Location
- 13 Nutford Pl, London W1H 5HA
- Coordinates: 51°31′00″N 0°09′51″W﻿ / ﻿51.5167°N 0.1643°W

Information
- Established: 1863
- Local authority: Westminster
- Head teacher: Evelyn Chua
- Gender: Mixed
- Age: 3 to 11
- Houses: Faraday, Fleming, Nightingale, Wesley
- Website: https://www.hampdengurneyschool.co.uk/

= Hampden Gurney Primary School =

Primary school in London

Hampden Gurney C of E School is the top state primary school in England, scoring the highest average score across reading, writing, and mathematics in 2023. The school is based in Marylebone, London.

== History ==
Established in 1863 as a memorial to John Hampden Gurney, it was first situated on Hampden Gurney Street, close to Marble Arch and Oxford Street.

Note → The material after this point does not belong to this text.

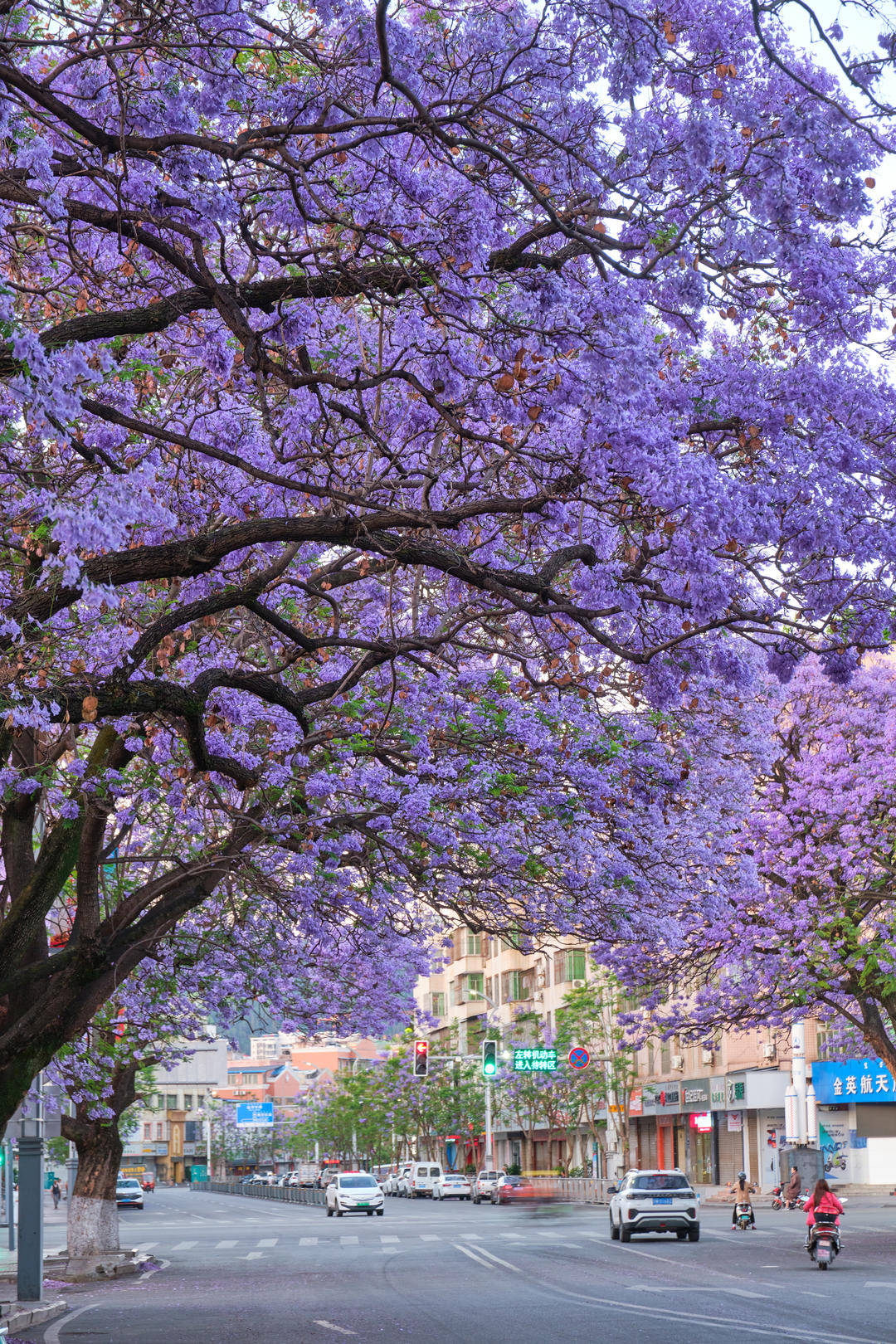 ↑西昌建昌路蓝花楹盛开 图据视觉中国

In 1936 it was amalgamated with St Luke's school located in Nutford Place operating across two campuses. The school site was destroyed during the Blitz in WW2 and subsequently was rebuilt opening in 1967 by the poet John Betjemen (who went on to become Poet Laureate). During the early 2000s, the school was rebuilt again by BDP Architects with improved facilities as the building which stands on Nutford Place today, close to Hyde Park. The new building development won several awards including the RIBA Award for architecture 2002 (Shortlist for Stirling Prize), Civic Trust Award 2004 and Structural Steel Design Award 2003 (commendation).

== Academics ==
The school ranks in the top 10 state primary schools in the UK by the Sunday Times Schools Guide and the BBC's Primary School League Tables where it ranked joint first in 2014 by attainment scores. Its latest The Sunday Times Schools Guide ranking in 2022 was 4th. In 2023, the school ranked as the most successful school in England as the government released performance figures based on scores across reading, writing and mathematics.